[About this exercise]: Using the records below, give again exactly the lines from the line that contains "střed růžový zirkon" through the line that contains "Proste urządzenie, które", both ends included, and only those.

[Extracted material]:
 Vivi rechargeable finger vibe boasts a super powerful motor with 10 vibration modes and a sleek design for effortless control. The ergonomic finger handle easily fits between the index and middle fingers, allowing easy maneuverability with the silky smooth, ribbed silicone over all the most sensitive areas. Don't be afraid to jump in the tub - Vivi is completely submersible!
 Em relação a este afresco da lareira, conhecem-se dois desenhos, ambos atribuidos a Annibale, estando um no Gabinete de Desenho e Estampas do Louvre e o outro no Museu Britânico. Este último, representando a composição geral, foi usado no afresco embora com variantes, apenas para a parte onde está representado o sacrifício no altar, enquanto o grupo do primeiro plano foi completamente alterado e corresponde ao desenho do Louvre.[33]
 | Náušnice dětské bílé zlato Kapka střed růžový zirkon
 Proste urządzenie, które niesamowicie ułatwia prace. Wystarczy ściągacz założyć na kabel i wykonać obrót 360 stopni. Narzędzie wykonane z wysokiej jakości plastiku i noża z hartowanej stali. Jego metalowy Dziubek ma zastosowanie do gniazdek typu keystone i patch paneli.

==

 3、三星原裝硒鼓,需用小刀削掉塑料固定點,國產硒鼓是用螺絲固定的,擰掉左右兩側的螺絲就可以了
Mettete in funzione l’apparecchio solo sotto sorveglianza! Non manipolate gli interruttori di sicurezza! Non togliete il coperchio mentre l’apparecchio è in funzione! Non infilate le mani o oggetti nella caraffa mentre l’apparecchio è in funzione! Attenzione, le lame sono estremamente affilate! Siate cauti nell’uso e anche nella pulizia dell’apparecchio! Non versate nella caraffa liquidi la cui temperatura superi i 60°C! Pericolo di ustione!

[Problem solution]:
 | Náušnice dětské bílé zlato Kapka střed růžový zirkon
 Proste urządzenie, które niesamowicie ułatwia prace. Wystarczy ściągacz założyć na kabel i wykonać obrót 360 stopni. Narzędzie wykonane z wysokiej jakości plastiku i noża z hartowanej stali. Jego metalowy Dziubek ma zastosowanie do gniazdek typu keystone i patch paneli.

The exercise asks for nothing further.